Não é raro, ainda, que essas transferências de capital político terminem por dar origem a novos núcleos de poder — caso do ex-senador e ex-ministro Edison Lobão, uma dessas raposas que se revezam em diferentes cargos políticos desde a redemocratização, na década de 1980, sempre aumentando o patrimônio pessoal. Antigo aliado dos Sarney, Lobão instalou na política, entre outros parentes, a mulher e o filho, o ex-deputado Marcio, conhecido como Lobinho, e denunciado por corrupção junto com o pai, no ano passado, pela Lava Jato.


Laços de parentesco passam à frente da meritocracia na hora da divisão do butim


“As oligarquias brasileiras têm uma capacidade surpreendente de adaptação e sobrevivência”, analisa outro experiente cientista político, o consultor e professor aposentado da Universidade de Brasília Paulo Kramer. “Elas conseguem cooptar para seus esquemas de perpetuação quaisquer novas forças e lideranças que surjam.” É o que se viu em relação ao PT, tão crítico das velhas dinastias quando estava na oposição, mas que, ao chegar ao poder, germinou rapidamente seus próprios clãs, como os Vianna, no Acre, e os Tatto, em São Paulo.

Há quem ressalve que essa deformidade não seria uma característica exclusiva do Brasil, já que famílias políticas podem ser encontradas em quase todos os países. Mas estudos comparativos deixam claro que a magnitude do fenômeno por aqui não tem comparação no mundo — nem mesmo na Índia, sociedade de castas por excelência. Também não parece válido o argumento de que certas profissões predominam em algumas famílias pela tendência de os filhos seguirem a carreira dos pais.  As dinastias políticas locais asseguram a sua perpetuação graças a estratagemas específicos e com vistas à defesa de interesses econômicos.

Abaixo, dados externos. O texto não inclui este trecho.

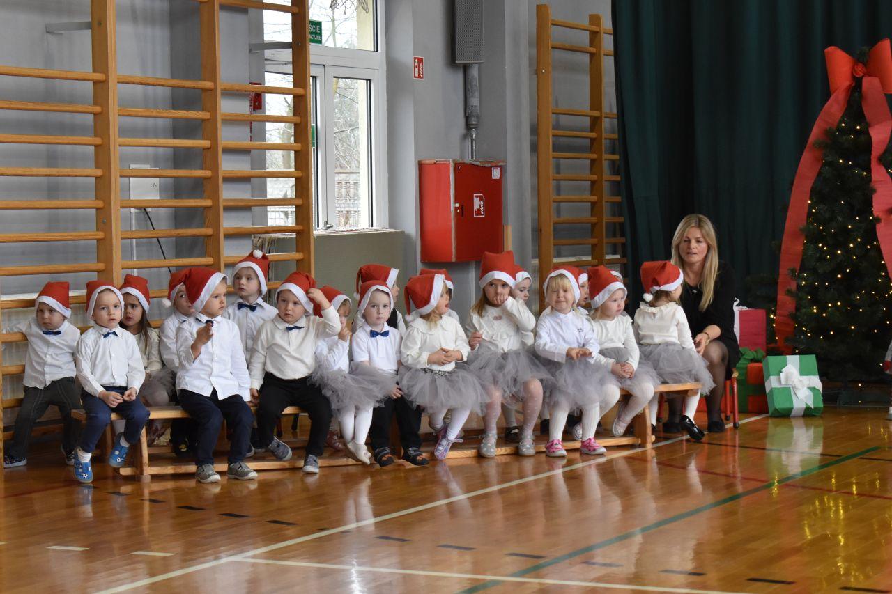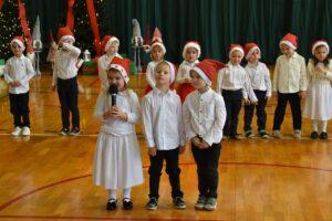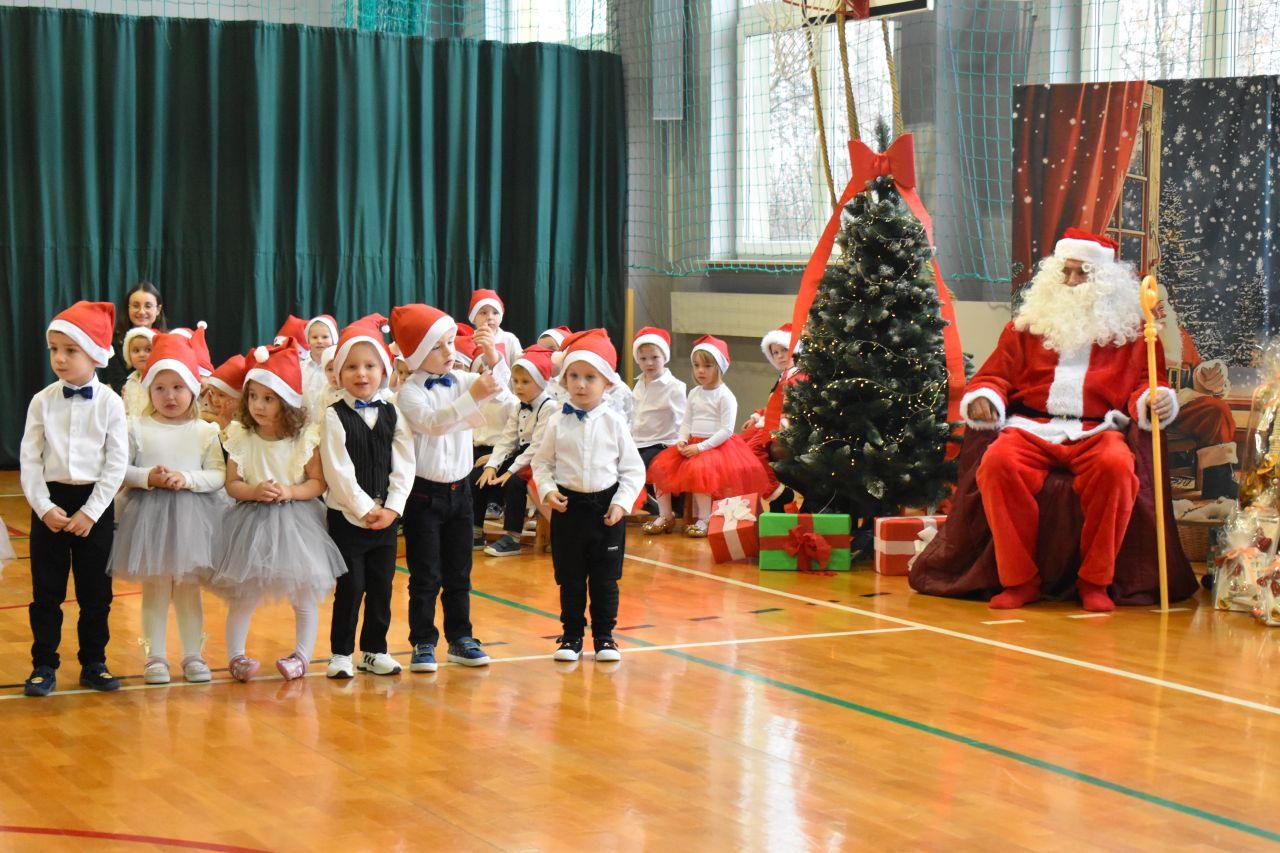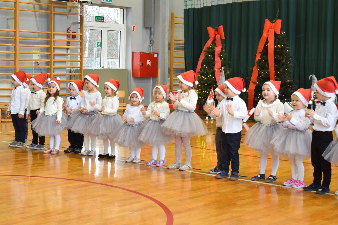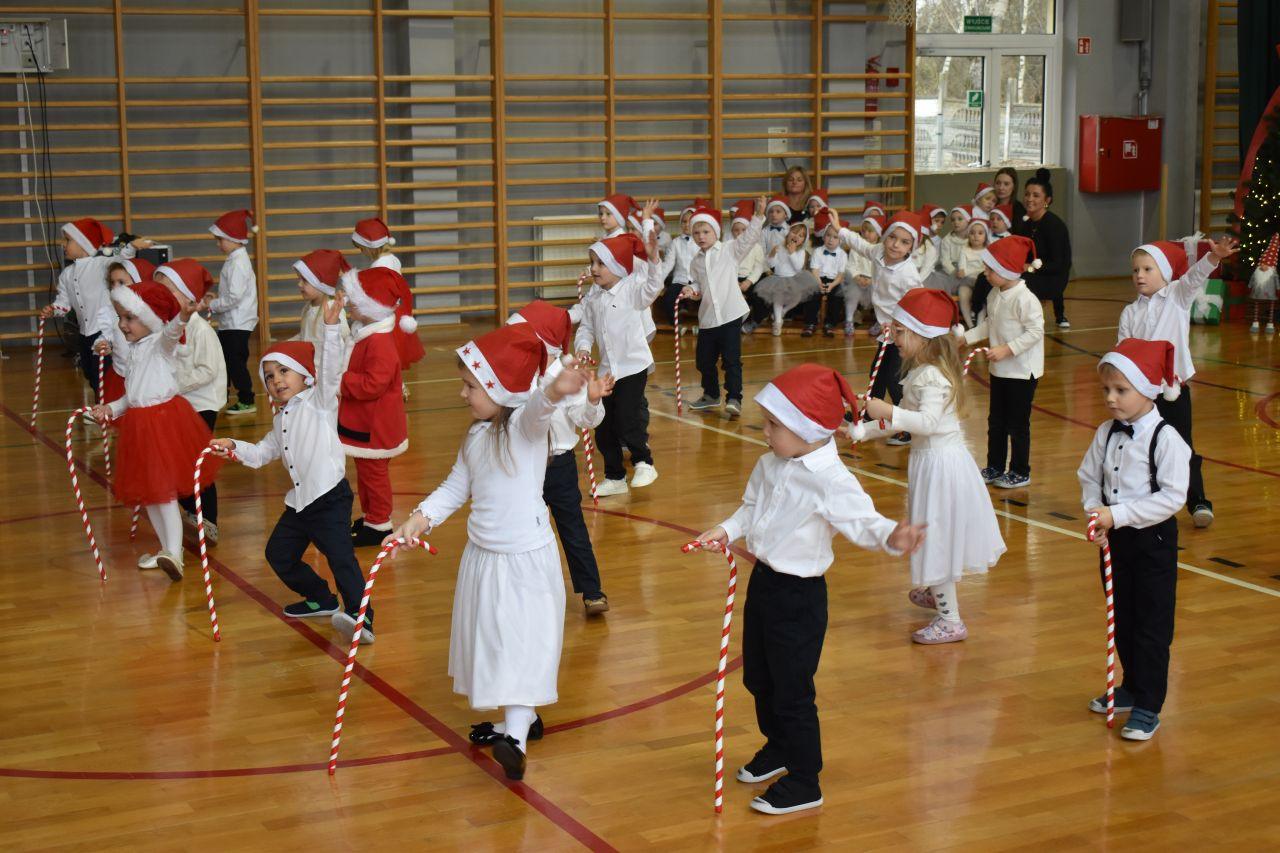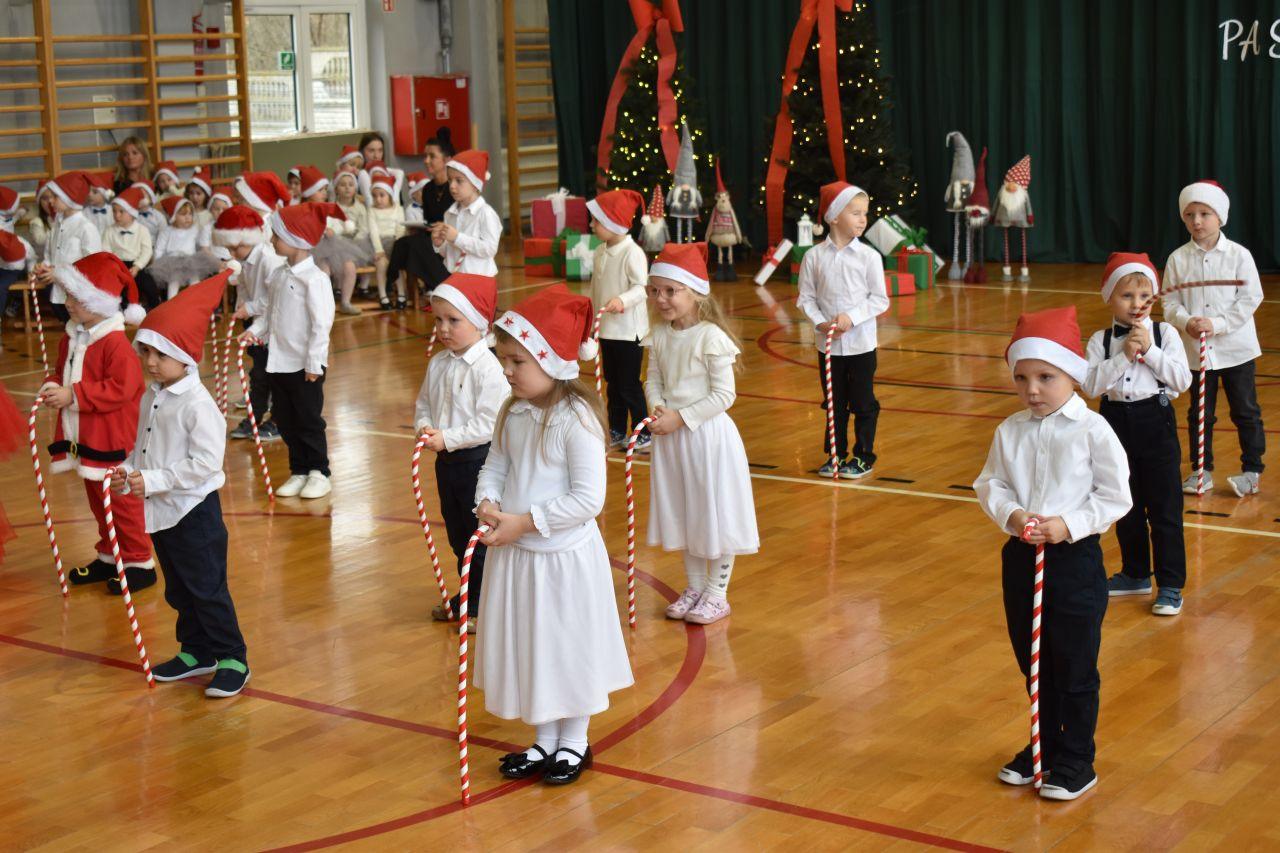 Dnia 05.12.2025r. w szkolnej sali gimnastycznej odbyła się wyjątkowa uroczystość Mikołajkowego Pasowania, podczas której swoje występy zaprezentowały grupy Stokrotki i Niezapominajki. Dzieci z wielkim zaangażowaniem recytowały przygotowane wierszyki, śpiewały piosenki oraz tańczyły mikołajkowe tańce, co wywołało wiele radości i uśmiechów na twarzach zarówno dzieci, jak i zgromadzonych gości. Ceremonię pasowania na przedszkolaka i na czterolatka przeprowadziła Pani Dyrektor, która z wielką serdecznością dokonała tego ważnego aktu. Po uroczystości dzieci otrzymały prezenty od Świętego Mikołaja, który z zaciekawieniem oglądał wszystkie występy i z uśmiechem na twarzy podziwiał talenty małych artystów. Na widowni zasiedli rodzice wszystkich przedszkolaków, którzy z dumą i radością obserwowali występy swoich pociech. Po oficjalnej części wszyscy udali się na wspólny poczęstunek, przygotowany przez rodziców, co stworzyło miłą i ciepłą atmosferę integracji. To był naprawdę wyjątkowy dzień pełen emocji, śmiechu i wspólnej radości, który na długo pozostanie w pamięci dzieci, rodziców i całej społeczności przedszkolnej.

Um desses mecanismos é o próprio sistema político-eleitoral, continuamente aprimorado para favorecer os donos do poder. A começar pela proibição de candidaturas independentes e pela autonomia excessiva outorgada aos partidos, a pretexto de garantir sua independência, desde a Constituição de 1988. A distorção foi acentuada por reformas eleitorais mais recentes e sobretudo pelo Fundo Eleitoral, que nesta eleição canalizou para os cofres dos partidos escandalosos R$ 2 bilhões da receita de impostos. Como a alocação dessa dinheirama fica a critério dos líderes partidários, e os partidos são praticamente agremiações de fachada, já que dominados por famílias, não surpreende que os laços de parentesco passem à frente da meritocracia na hora da divisão do butim.

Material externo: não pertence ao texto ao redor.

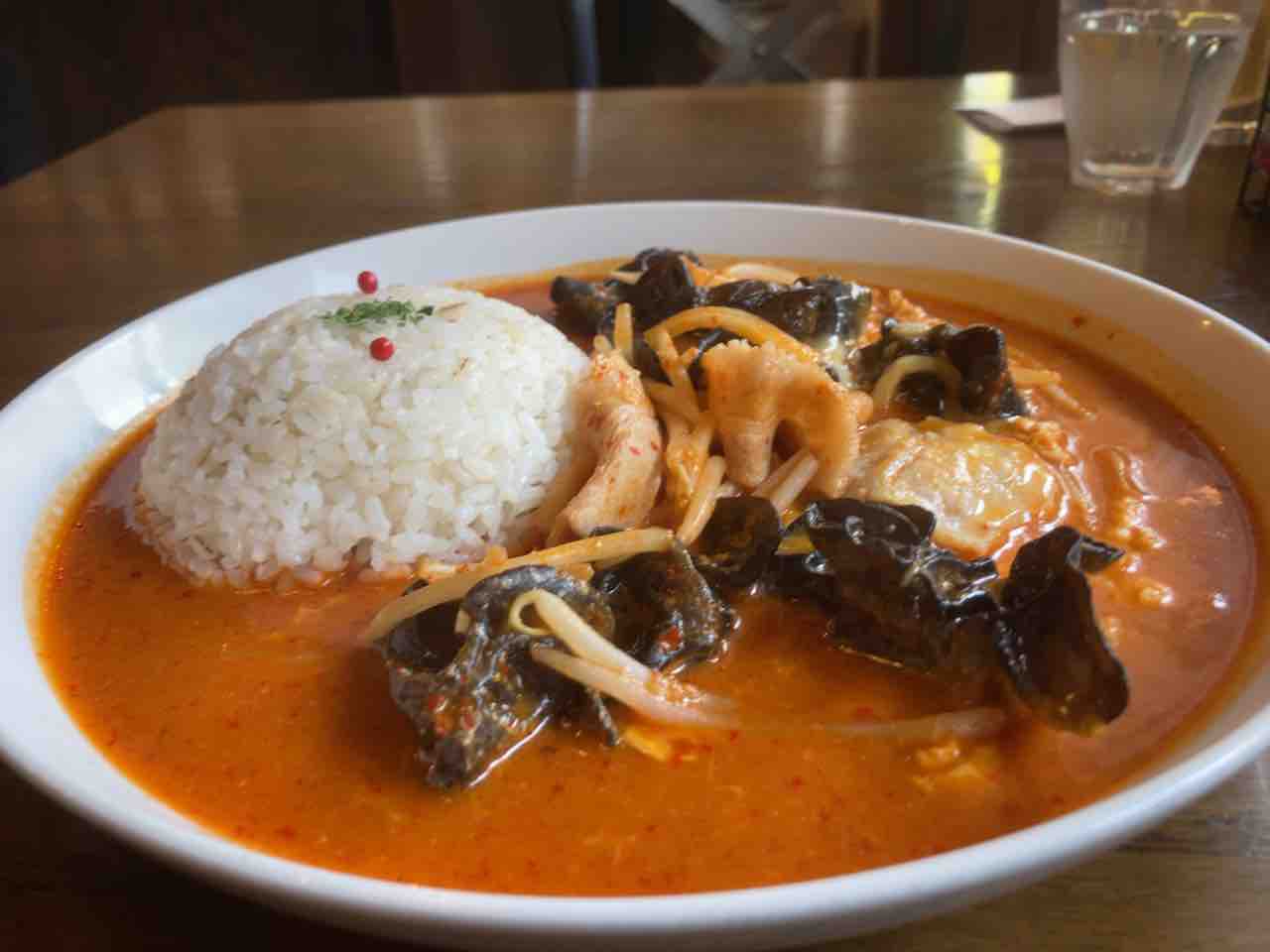 今日のランチは、シシカリで、スタミナカレーの4辛にふわたまトッピング。

Implodir esse modelo arcaico para promover uma efetiva renovação política e ampliar, de fato, a representatividade democrática requereria, como fica claro, uma reforma política abrangente. Com mudanças na legislação para modernizar os partidos e impedir práticas de nepotismo e patrimonialismo, pela imposição de controles, maior fiscalização e transparência, como ocorre nas democracias avançadas. Porém, como esperar que reformas sejam promovidas justamente por aqueles que se beneficiam do atual sistema?

O longo e dificultoso processo de aprovação de emendas à Constituição também não favorece a mudança, como mostram as várias iniciativas do tipo paralisadas nos escaninhos do Congresso. Para completar, a velha política sabe que pode contar com o apoio sempre prestimoso do Judiciário, outra instituição do poder igualmente controlada, desde o Império, e em todas as instâncias, por suas próprias dinastias. As quais, não raramente, têm laços de parentesco ou interesse com as oligarquias.

Enquanto nada mudar, a política, que deveria atrair os quadros mais qualificados e íntegros do país, continuará à mercê da mediocridade e da mesmice. Como nas monarquias do passado, quando os laços de sangue da aristocracia valiam mais do que talento e méritos individuais. A atual “nobreza” brasileira tem o quilate dos clãs que estão aí.